Lines from the one containing "3D Highland Cow" through the last line of the records below need to be repeated exactly; nothing else, and no pictures.

• _Data records_
◆ ◆ ◆ ◆
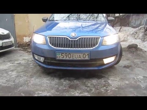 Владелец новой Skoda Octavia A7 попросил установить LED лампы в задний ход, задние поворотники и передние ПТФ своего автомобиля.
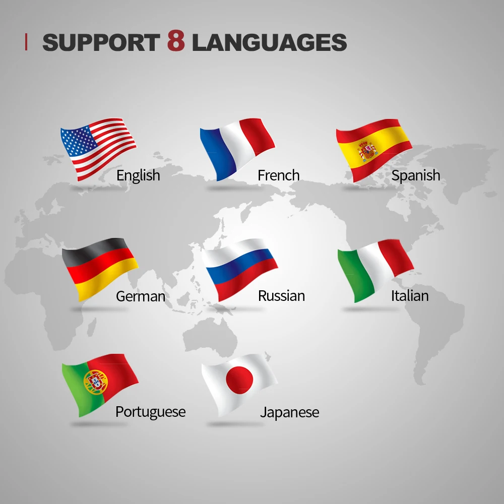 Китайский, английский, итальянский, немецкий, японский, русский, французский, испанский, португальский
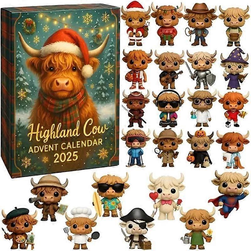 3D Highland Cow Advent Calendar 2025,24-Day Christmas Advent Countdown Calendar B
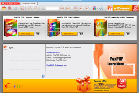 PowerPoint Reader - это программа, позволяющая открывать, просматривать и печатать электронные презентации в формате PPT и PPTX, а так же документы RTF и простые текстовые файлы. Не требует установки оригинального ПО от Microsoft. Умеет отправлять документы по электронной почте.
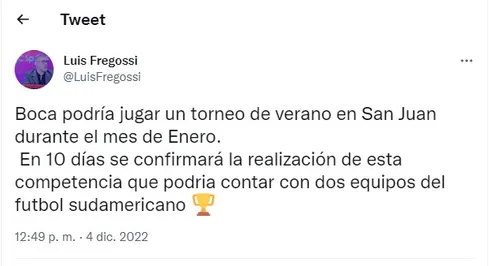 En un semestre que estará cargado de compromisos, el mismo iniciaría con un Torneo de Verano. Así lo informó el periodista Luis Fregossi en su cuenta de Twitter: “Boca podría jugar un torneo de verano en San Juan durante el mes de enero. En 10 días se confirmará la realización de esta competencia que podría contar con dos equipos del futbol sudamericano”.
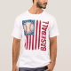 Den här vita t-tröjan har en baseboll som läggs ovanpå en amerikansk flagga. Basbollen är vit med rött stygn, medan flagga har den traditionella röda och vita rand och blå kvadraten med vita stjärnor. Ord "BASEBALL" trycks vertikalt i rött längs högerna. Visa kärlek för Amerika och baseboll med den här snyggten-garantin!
◆ ◆ ◆ ◆
• _Solution to this problem_
 3D Highland Cow Advent Calendar 2025,24-Day Christmas Advent Countdown Calendar B
 PowerPoint Reader - это программа, позволяющая открывать, просматривать и печатать электронные презентации в формате PPT и PPTX, а так же документы RTF и простые текстовые файлы. Не требует установки оригинального ПО от Microsoft. Умеет отправлять документы по электронной почте.
 En un semestre que estará cargado de compromisos, el mismo iniciaría con un Torneo de Verano. Así lo informó el periodista Luis Fregossi en su cuenta de Twitter: “Boca podría jugar un torneo de verano en San Juan durante el mes de enero. En 10 días se confirmará la realización de esta competencia que podría contar con dos equipos del futbol sudamericano”.
 Den här vita t-tröjan har en baseboll som läggs ovanpå en amerikansk flagga. Basbollen är vit med rött stygn, medan flagga har den traditionella röda och vita rand och blå kvadraten med vita stjärnor. Ord "BASEBALL" trycks vertikalt i rött längs högerna. Visa kärlek för Amerika och baseboll med den här snyggten-garantin!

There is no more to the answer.